DeLongTODAY: Nudging Ourselves Toward Full Employment... 2021-02-08
The rough transcript & slides for my latest DeLongTODAY briefing
From <http://delongtoday.com>
I am Brad DeLong, an economics professor at the University of California at Berkeley and a sometime Deputy Assistant Secretary of the U.S. Treasury. This is the weekly DeLongToday briefing. Here I hold forth here on the Leigh Bureau’s vimeo platform on my guesses as to what I think you most need to know about what our economy is doing to us right now.
I promised Wes Neff when he agreed to provide the infrastructure for this that I and my briefings would be: lively, interesting, curious, thoughtful, and relatively brief.
Relatively.
I promised I would provide briefings on a mix of: forecasting, politics, macroeconomic analysis, history, and political economy.
Today is an economic analysis & policy briefing: is Biden doing the right thing?
But first…
Wednesday the Republican House of Representatives caucus voted 145-61 to endorse Liz Cheney as one of their leaders, and thus to approve of her for her conscience vote to impeach Donald Trump. On Wednesday half the Republican caucus also gave bigoted conspiracy theorist, Marjorie Taylor Greene—she who has called for the assassination of Democratic House leaders, denied that mass school shootings really happened, and blames Jewish Space lasers for forest fires—a standing ovation. The difference? The Cheney vote was a secret ballot. The Greene applause was public.

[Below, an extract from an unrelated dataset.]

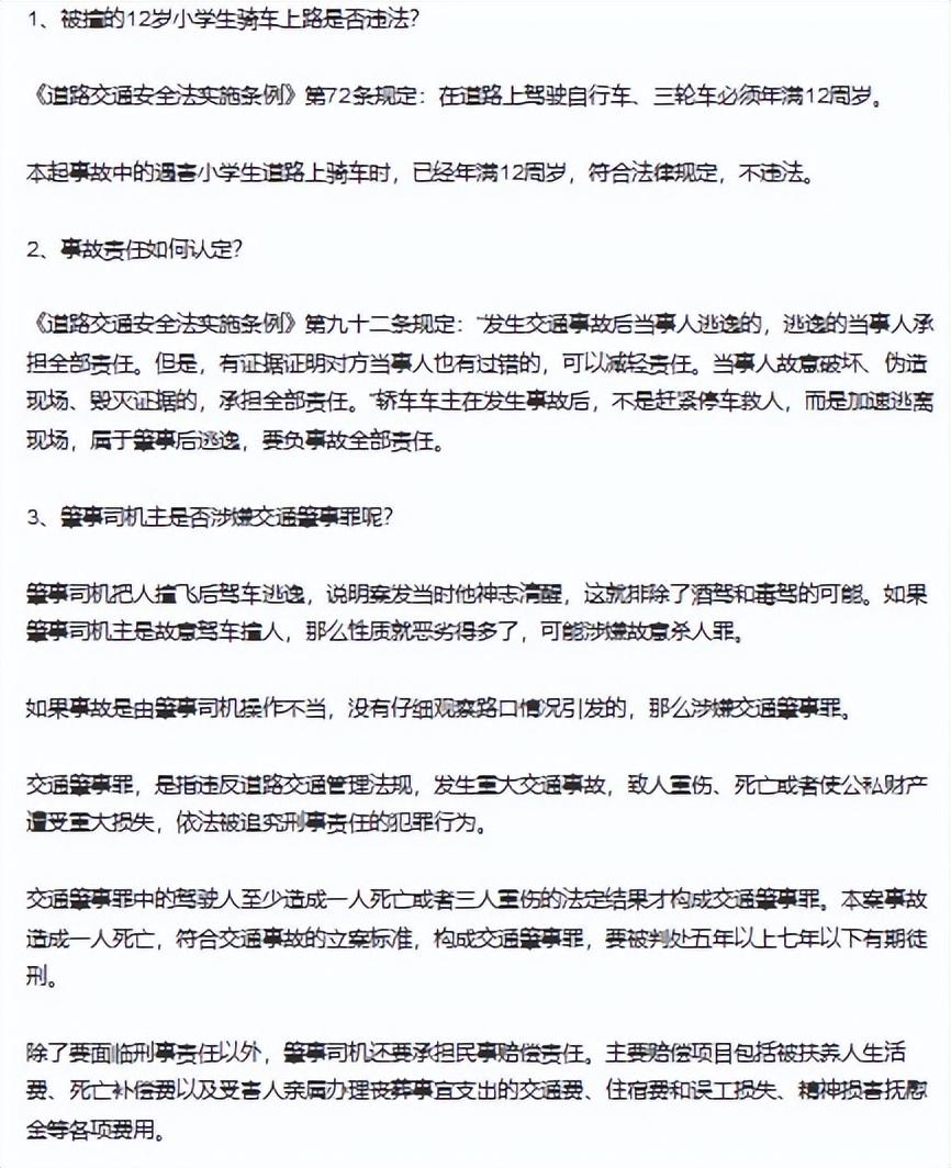 二就是责任划分问题,孩子正常骑车被撞,本来就应该肇事车辆负大半的责任,更别说肇事逃逸了,这肯定要让车主负事故全部责任了。

I harken back to 1993 and then-Treasury Secretary Lloyd Bentsen from Texas describing to some of his senior staff—and to us junior spear-carriers standing in the back of the room against the wall—what his long-time friend Bob Dole, the Republican senate minority leader, from Kansas had said to him. Dole had said that the Republican senate caucus was going to go all-in against Clinton’s deficit-reducing reconciliation bill. It needed to be done for the country’s sake, Dole said, but we Democrats would do it. And he needed to position the Republicans to pick up seats, and the best way to do that was for none of the Republicans to be onboard voting for any of Clinton’s initiatives so that Democrats could be blamed for whatever went wrong, with no water-muddying possible.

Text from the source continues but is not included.